Wednesday, June 15, 2011

Even in defeat, Sen. Robert Adley, R-Benton, made a compelling case for pushing back against Gov. Bobby Jindal’s famed lack of transparency. Adley’s Senate Bill 57 would have undone what Jindal managed to do in his first year in office — shield virtually all the records of Louisiana’s executive branch from the state’s public records law. Candidate Jindal called lawmakers’ claims that some records should be kept from the public “outrageous,” and he went to laudable steps to make rank-and-file state representatives and senators subject to a “gold standard” for ethics. “This is the people’s government. It is not my job to make it more difficult for them to get records — it’s my job to make it easier,” Adley argued on the Senate floor Monday. This was the third consecutive year the north Louisiana Republican has tried to make good for the gander what’s good for the geese. Several of his fellow senators also spoke favorably of the bill and urged a sheepish Senate to get behind it. In the end, the bill failed by a 22-14 vote, with Acadiana-area Sens. Mike Michot, Elbert Guillory and Fred Mills voting on the side of secrecy.

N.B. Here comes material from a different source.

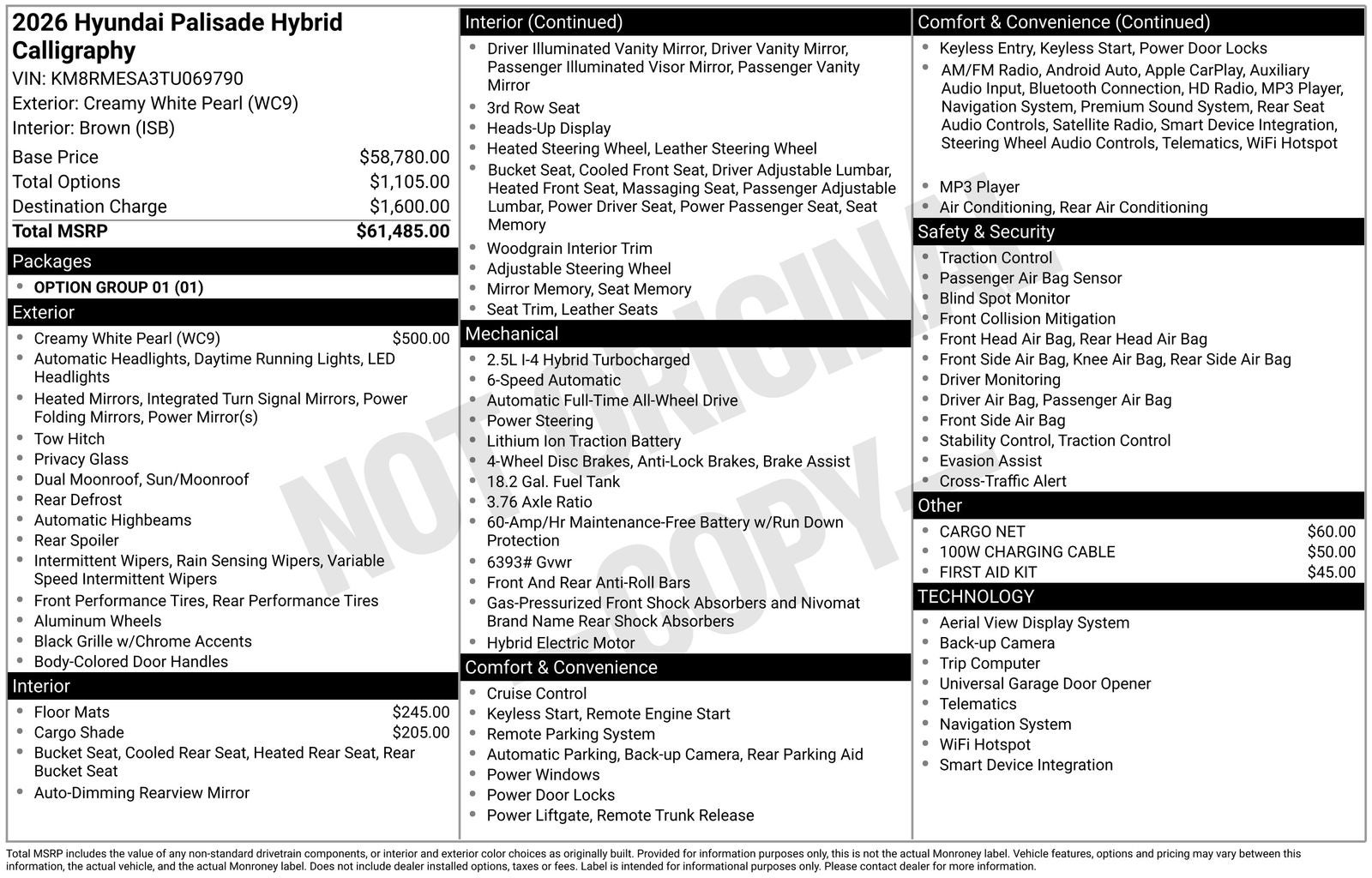 **ALL WHEEL DRIVE**, **SUNROOF/MOONROOF**, ** 7 PASSENGER**, **NAVIGATION**, **LEATHER SEATS**, **3RD ROW SEATS**, **PUSH BUTTON START**, **KEYLESS ENTRY**, **BACKUP CAMERA**, **Bluetooth®**, **HEATED STEERING WHEEL**, **RAIN SENSING WIPERS!**, **POWER LIFTGATE**, **REMOTE START**, **BLIND SPOT MONITOR**, **APPLE CARPLAY/ANDROID AUTO**, **ADAPTIVE CRUISE CONTROL**, PORTABLE AUDIO CONNECTION/MP3, **BOSE PREMIUM AUDIO**, Navigation System, Option Group 01. With options like Option Group 01, Navigation System, 100W Charging Cable, 14 Speakers, 3rd row seats: split-bench, 4-Wheel Disc Brakes, ABS brakes, Air Conditioning, Alloy wheels, AM/FM radio: SiriusXM, Apple CarPlay & Android Auto, Audio memory, Auto High-beam Headlights, Auto-dimming door mirrors, Auto-dimming Rear-View mirror, Auto-leveling suspension, Automatic temperature control, Brake assist, Bumpers: body-color, Cargo Cover, Cargo Net, Carpeted Floor Mats, Compass, Delay-off headlights, Driver door bin, Driver vanity mirror, Dual front impact airbags, Dual front side impact airbags, Electronic Stability Control, Emergency communication system: None, Exterior Parking Camera Rear, First Aid Kit, Four wheel independent suspension, Front anti-roll bar, Front Bucket Seats, Front Center Armrest, Front dual zone A/C, Front reading lights, Fully automatic headlights, Garage door transmitter: HomeLink, Genuine wood console insert, Genuine wood dashboard insert, Heads-Up Display, Heated and Ventilated Front Bucket Seats, Heated door mirrors, Heated front seats, Heated rear seats, Heated steering wheel, HVAC memory, Illuminated entry, Knee airbag, Leather steering wheel, Low tire pressure warning, Memory seat, Occupant sensing airbag, Outside temperature display, Overhead airbag, Overhead console, Panic alarm, Passenger door bin, Passenger vanity mirror, Power door mirrors, Power driver seat, Power Liftgate, Power moonroof, Power passenger seat, Power steering, Power windows, Premium Nappa Leather Seat Trim, Radio data system, Radio: Infotainment Navigation System, Rain sensing wipers, Rear air conditioning, Rear anti-roll bar, Rear audio controls, Rear reading lights, Rear side impact airbag, Rear window defroster, Rear window wiper, Reclining 3rd row seat, Remote keyless entry, Security system, Speed control, Split folding rear seat, Spoiler, Steering wheel mounted audio controls, Tachometer, Telescoping steering wheel, Tilt steering wheel, Traction control, Trip computer, Turn signal indicator mirrors, Variably intermittent wipers, Ventilated front seats, Ventilated rear seats, and Wheels: 21 x 8.5J Alloy. Creamy White Pearl 2026 Hyundai Palisade Hybrid Calligraphy AWD 6-Speed Automatic 2.5L Turbocharged GDI 4-Cylinder Hybrid

Jindal’s opacity manifests in many ways. The Senate & Governmental Affairs Committee got so fed up with it last week, it voted unanimously to issue a subpoena for a financial analysis on the Office of Group Benefits prepared by a private firm. The OGB is the agency in charge of the health insurance plans for roughly 60,000 state workers — a plan Jindal wants to privatize. It’s also worth noting that the OGB has a $500 million surplus — funds critics charge Jindal wants to get his hands on to plug holes in the budget. Jindal canned the OGB’s former director, who opposed the privatization plan, and his replacement recently resigned following a contentious confirmation hearing that centered on the report at the heart of the subpoena. A national political news site, TPM, has joined the fray by filing a public records request seeking the report, which so far and like so many of Jindal’s official business on behalf of his employers — us taxpayers — remains secret.

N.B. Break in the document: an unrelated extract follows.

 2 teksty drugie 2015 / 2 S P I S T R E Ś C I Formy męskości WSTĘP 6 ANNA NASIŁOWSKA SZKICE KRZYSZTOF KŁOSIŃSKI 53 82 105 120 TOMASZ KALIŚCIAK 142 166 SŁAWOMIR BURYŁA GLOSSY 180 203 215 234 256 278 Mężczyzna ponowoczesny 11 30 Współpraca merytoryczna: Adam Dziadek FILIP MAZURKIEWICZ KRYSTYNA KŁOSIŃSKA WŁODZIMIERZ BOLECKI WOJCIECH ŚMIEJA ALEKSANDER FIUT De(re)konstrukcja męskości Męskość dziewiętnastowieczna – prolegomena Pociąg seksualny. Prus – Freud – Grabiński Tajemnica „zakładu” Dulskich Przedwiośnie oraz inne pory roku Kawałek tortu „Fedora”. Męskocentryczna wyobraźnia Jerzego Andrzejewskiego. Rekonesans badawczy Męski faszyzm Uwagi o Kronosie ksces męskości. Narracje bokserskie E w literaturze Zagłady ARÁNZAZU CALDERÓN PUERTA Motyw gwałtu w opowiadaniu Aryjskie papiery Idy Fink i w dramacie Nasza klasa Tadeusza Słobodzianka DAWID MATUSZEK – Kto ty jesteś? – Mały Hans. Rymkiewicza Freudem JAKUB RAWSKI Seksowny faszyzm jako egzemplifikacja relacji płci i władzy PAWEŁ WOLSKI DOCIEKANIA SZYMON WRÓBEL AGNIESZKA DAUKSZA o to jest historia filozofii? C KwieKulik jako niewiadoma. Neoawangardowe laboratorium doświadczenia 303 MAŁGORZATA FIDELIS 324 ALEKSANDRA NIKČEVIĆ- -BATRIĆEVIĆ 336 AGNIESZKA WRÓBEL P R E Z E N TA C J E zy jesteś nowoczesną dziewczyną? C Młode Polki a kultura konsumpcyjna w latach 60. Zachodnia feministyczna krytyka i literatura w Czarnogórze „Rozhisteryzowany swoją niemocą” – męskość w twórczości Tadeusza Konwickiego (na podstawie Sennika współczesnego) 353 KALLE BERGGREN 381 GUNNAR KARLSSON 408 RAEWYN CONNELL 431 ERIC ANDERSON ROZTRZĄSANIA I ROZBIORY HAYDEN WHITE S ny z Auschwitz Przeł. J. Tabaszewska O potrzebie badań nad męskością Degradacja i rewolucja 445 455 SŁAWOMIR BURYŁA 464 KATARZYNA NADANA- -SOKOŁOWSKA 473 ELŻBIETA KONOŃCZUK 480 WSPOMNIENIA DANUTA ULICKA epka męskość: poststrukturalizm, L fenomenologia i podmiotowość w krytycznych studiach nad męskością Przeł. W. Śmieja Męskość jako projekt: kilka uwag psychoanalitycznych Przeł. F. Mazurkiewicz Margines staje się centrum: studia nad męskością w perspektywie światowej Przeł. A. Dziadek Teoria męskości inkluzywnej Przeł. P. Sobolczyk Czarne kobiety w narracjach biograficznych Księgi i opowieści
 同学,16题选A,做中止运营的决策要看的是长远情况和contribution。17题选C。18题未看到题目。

On the same day the Senate & Governmental Affairs Committee issued the subpoena for the OGB analysis, it got another primer on secrecy from Bruce Greenstein, secretary of the state Department of Health and Hospitals. For weeks Greenstein had refused to reveal which private firm had been recommended to win the most lucrative contract issued by the state — for running the Medicaid Management Information System, a contract currently worth $34 million. A least one committee member characterized Greenstein’s refusal to divulge the firm as “stonewalling.” Reminded about the fracas with OGB privatization, Greenstein finally fessed up: The winning firm is none other than his former employer, CNSI. Greenstein insists — and we’ll take him at his word — that he recused himself from the selection process due to the conflict of interest. The committee, nonetheless, voted to issue a subpoena for any records related to Greenstein’s contact with CNSI or its lobbyists.